▶ [To do] All of the data below should be printed again exactly, pictures excluded.

======== Given information ========

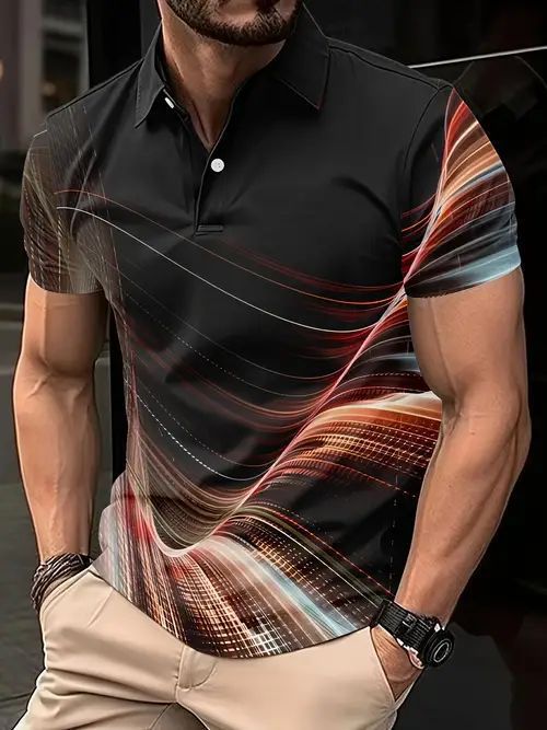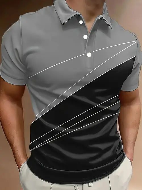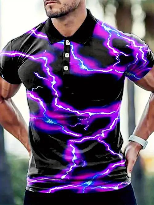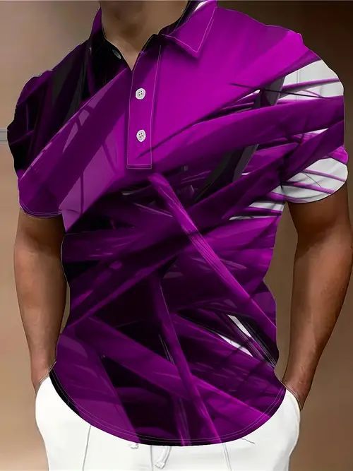 보라색 마름모 패턴 3D 인쇄 남성 반팔 옷깃 골프 셔츠 캐주얼 스타일 정사이즈 버전 여름
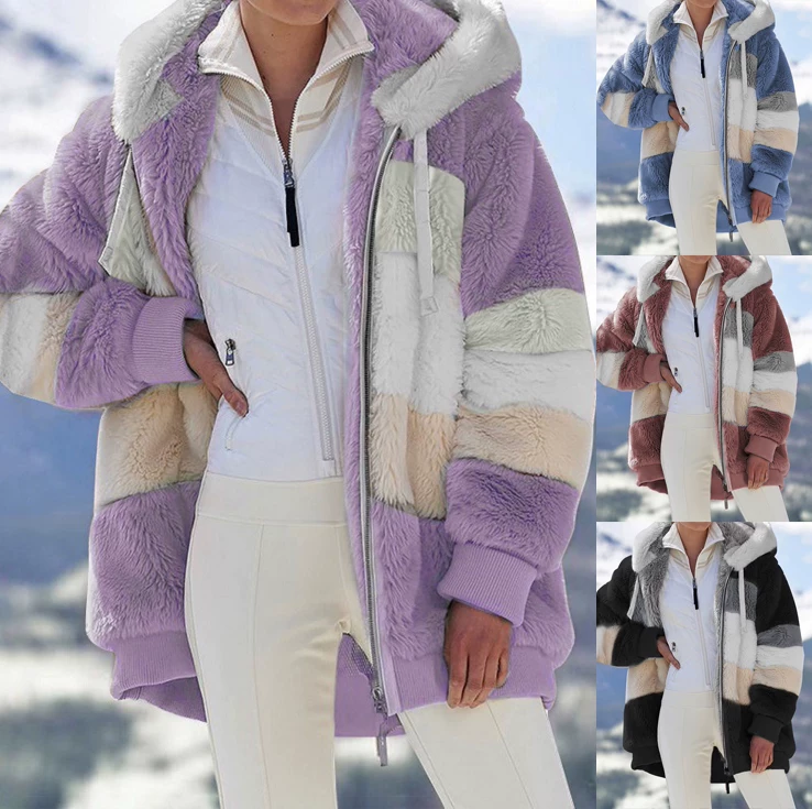 Зимняя женская куртка, теплая плюшевая Повседневная Свободная куртка с капюшоном, разноцветная зимняя верхняя одежда в стиле пэчворк, Женская парка на молнии с искусственным мехом, пальто
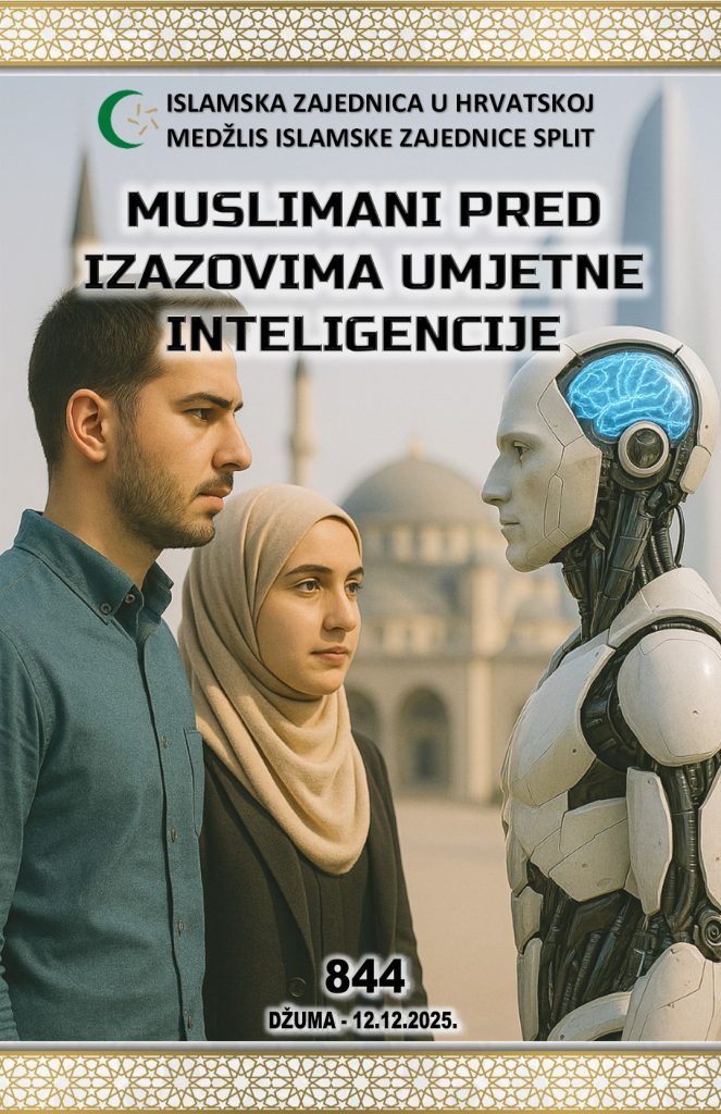 Braćo i sestre, na kraju današnje hutbe zaključimo: umjetna inteligencija može biti veoma korisna ako je koristimo kao sredstvo, a ne kao gospodara. Može biti opasnost ako je prihvatimo bez razmišljanja i nju uzmemo da nam bude upućivač umjesto Kur’ana i sunneta. Naš zadatak je da kao vjernici budemo odgovorni i svjesni da je čovjekovo dostojanstvo koje mu je Uzvišeni Allah dao veće od svake umjetne inteligencije, bez obzira koliko ona u nekim stvarima postala superiornija od nas. Sva tehnologija je stvorena voljom i dopuštenjem Uzvišenog Allaha i podložna je Njegovoj moći. A čovjek je, kao nositelj emaneta, pozvan da bude mudar, pravedan i milostiv.
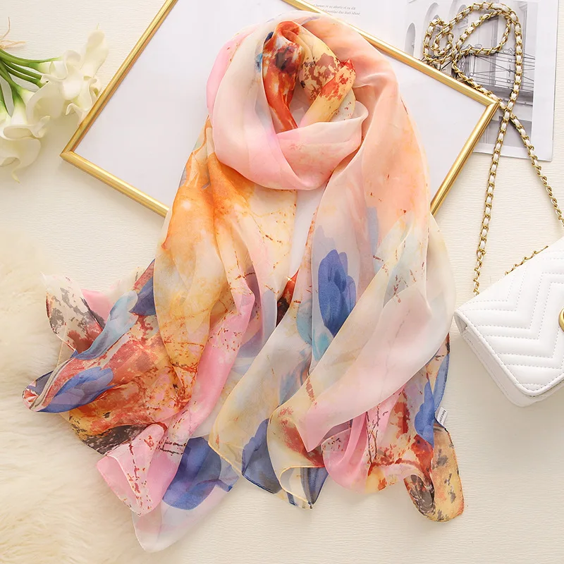Роскошный женский шарф, шелковые шарфы, цветочные женские шарфыUS $7,43

========

▶ [Reply]
 보라색 마름모 패턴 3D 인쇄 남성 반팔 옷깃 골프 셔츠 캐주얼 스타일 정사이즈 버전 여름
 Зимняя женская куртка, теплая плюшевая Повседневная Свободная куртка с капюшоном, разноцветная зимняя верхняя одежда в стиле пэчворк, Женская парка на молнии с искусственным мехом, пальто
 Braćo i sestre, na kraju današnje hutbe zaključimo: umjetna inteligencija može biti veoma korisna ako je koristimo kao sredstvo, a ne kao gospodara. Može biti opasnost ako je prihvatimo bez razmišljanja i nju uzmemo da nam bude upućivač umjesto Kur’ana i sunneta. Naš zadatak je da kao vjernici budemo odgovorni i svjesni da je čovjekovo dostojanstvo koje mu je Uzvišeni Allah dao veće od svake umjetne inteligencije, bez obzira koliko ona u nekim stvarima postala superiornija od nas. Sva tehnologija je stvorena voljom i dopuštenjem Uzvišenog Allaha i podložna je Njegovoj moći. A čovjek je, kao nositelj emaneta, pozvan da bude mudar, pravedan i milostiv.
Роскошный женский шарф, шелковые шарфы, цветочные женские шарфыUS $7,43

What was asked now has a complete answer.